The extreme weather events and power outages that taxed the nation the past year have signaled a ‘new normal,’ one in which access to resilient, reliable power is far from guaranteed. In California, intensifying fire threats resulted in intentional power cuts for millions – not once, but a handful of times. In the northeast, a record-breaking bomb cyclone wiped out power for more than half a million people across multiple states.
The confluence of a changing climate and an aging grid has left our energy supply vulnerable, spotlighting the stark lack of resiliency that exists in our current system and leading businesses on a quest for advanced power solutions. Proactively considering and managing these energy solutions is especially imperative for leaders tasked with safeguarding resiliency and ensuring business continuity, such as the CxOs of organizations.
Microgrids are one such energy solution. They operate as miniature versions of the centralized electric grid that dispatch, distribute, and regulate the flow of electricity. It is their ability to be ‘islanded’ from the main power grid, which is their key distinguishing factor, enabling them to operate through any grid disruption continuously.
"All microgrids are not created equal, but through evaluation of your facility’s power demand and investigation into the power supply that would best support it, you’ll uncover the path to true energy resiliency for your business"
But when it comes to microgrid solutions, one size does not fit all. Microgrids require collaboration and customization in order to meet the needs of a business. This can make the process of planning and building microgrids a complex, sometimes lengthy endeavor. The good news is, there is some evaluation and investigation you can do ahead of time to lighten the load, so to speak.
What to Consider When Designing a Microgrid
Designing a successful microgrid is about ensuring harmony between the power supply side and the power demand side.
Let’s start with the demand side. The first step is to fully understand your facility, your processes, and, most importantly, your load. Consider your reliability requirements – how much flexibility do you have in your power demands? Could you tolerate a dip in power quality? A one-hour outage? What would a day without power mean for your facility? How about a five-day outage event?
Begin associating a dollar value with the resiliency of your power supply. This will help you determine which loads are critical and which you can do without, which in turn, informs peak microgrid sizing.
A partial microgrid that keeps the power on for the most critical operations, while sacrificing the rest, might make the most sense for your facility. Cost limits come into play here, andmore oftentimes than not, it serves you better to decide what part of your operations – if any – can go without power when the grid goes down.
For example, a supermarket’s mission might just be to remain open to the public during an outage to provide resources and food to its local community. In this case, only some portions of the retailer’s load needs to be carried by the microgrid, such as refrigeration to prevent spoilage and ensuring some of the registers and internal lighting stays on, while things like internal temperature control and parking lot lighting can be dropped.

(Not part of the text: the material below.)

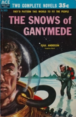 Robert Heinlein’s 1953 novel Farmer in the Sky involves a terraformed and colonized Ganymede, and my personal favorite is Poul Anderson’s The Snows of Ganymede (1954), mostly because it triggers memories of a battered Ace Double, though it’s an otherwise negligible fragment of a great writer’s work. But I’d better stop there — references to the moon in fiction could go on for some time.

Next, determine your load’s capacity factor requirements – perhaps your facility is only open during the day and closed at night, or maybe it is open 24x7. Discerning your daily usage or seasonal usage profile requirements will help you couple your power demands with the right energy supply.
If your business involves processes that run all day, every day, renewable energy sources such as solar or wind may not be practical solutions on their own. Because they are intermittent, their capacity factor is limited; consequently, they may not be able to supply all the power you need during the entire time you need it. For high tech manufacturers, data centers, or hospitals, that’s a risk they oftentimes can’t take.
This is why many microgrids incorporate an energy source with a high capacity factor – one that can run continuously, including solutions such as fuel cells, diesel or gas engines, as well as combined heat and power (CHP) systems. These systems serve as the foundation of a microgrid, and other resources like renewables and batteries can be integrated to serve additional purposes.
Finally, you must consider the fuel supply in your microgrid assessment. Diesel engines require reliance on onsite fuel reserves or delivery trucks. During storms and other widespread power outages when the entire region is looking for diesel, supplies will be prioritized for hospitals, and delivery trucks may be impeded by dangerous weather and road conditions.
Alternatively, the strong underground pipeline system that delivers natural gas is a mesh network, providing constant fuel and greatly reducing the risk of supply issues. Thus, fuel cells, CHP, and gas engines can offer greater reliability with more secure fuel supply and are typically recommended as the primary foundation of your supply-side resource.
Ultimately, a microgrid must be customized for your needs. All microgrids are not created equal, but thorough evaluation of your facility’s power demand and investigation into the power supply that would best support it, you’ll uncover the path to true energy resiliency for your business.